What you will do:
Your answer must be the lines from the one containing "WG44-8360CF- Wrangler Leather" through the last line below, copied exactly, with no pictures.

Supplied material:

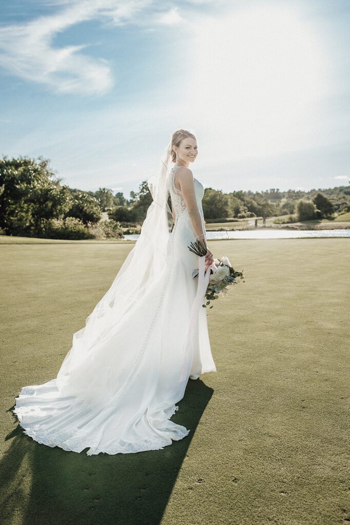 Im Anschluss fuhr ich mit dem Brautpaar auf Golfkarts über den Golfplatz zu einigen schönen Orten für Paarfotos. Glücklicherweise fand sich später auch nochmal eine Lücke bei traumhaften Abendlicht, um nochmal ein paar Brautpaarfotos im Sonnenuntergang zu machen.
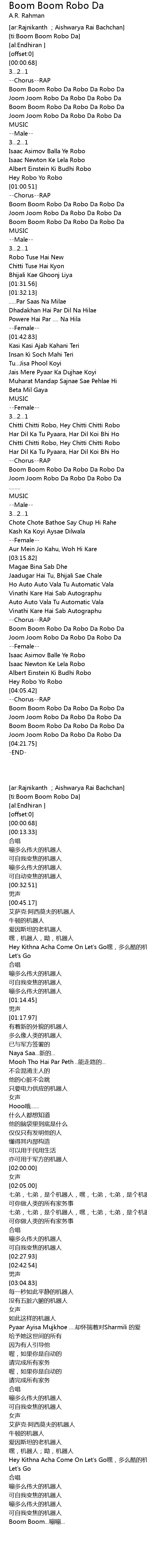 | [00:24.71] | Boom Boom Robo Da Robo Da Robo Da |
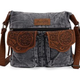WG44-8360CF- Wrangler Leather Fringe Jean Denim Pocket Crossbody – Coffee
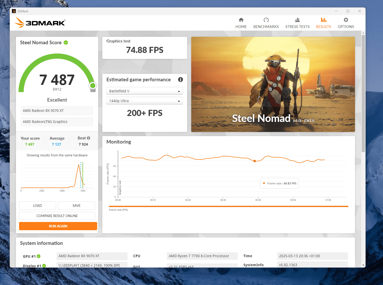 Steel Nomad ohne Backplate, Nitro+ @ -75mV und +10% Powerlimit (tatsächliche Board PWR = ca. 360 Watt):

Exercise result:
WG44-8360CF- Wrangler Leather Fringe Jean Denim Pocket Crossbody – Coffee
 Steel Nomad ohne Backplate, Nitro+ @ -75mV und +10% Powerlimit (tatsächliche Board PWR = ca. 360 Watt):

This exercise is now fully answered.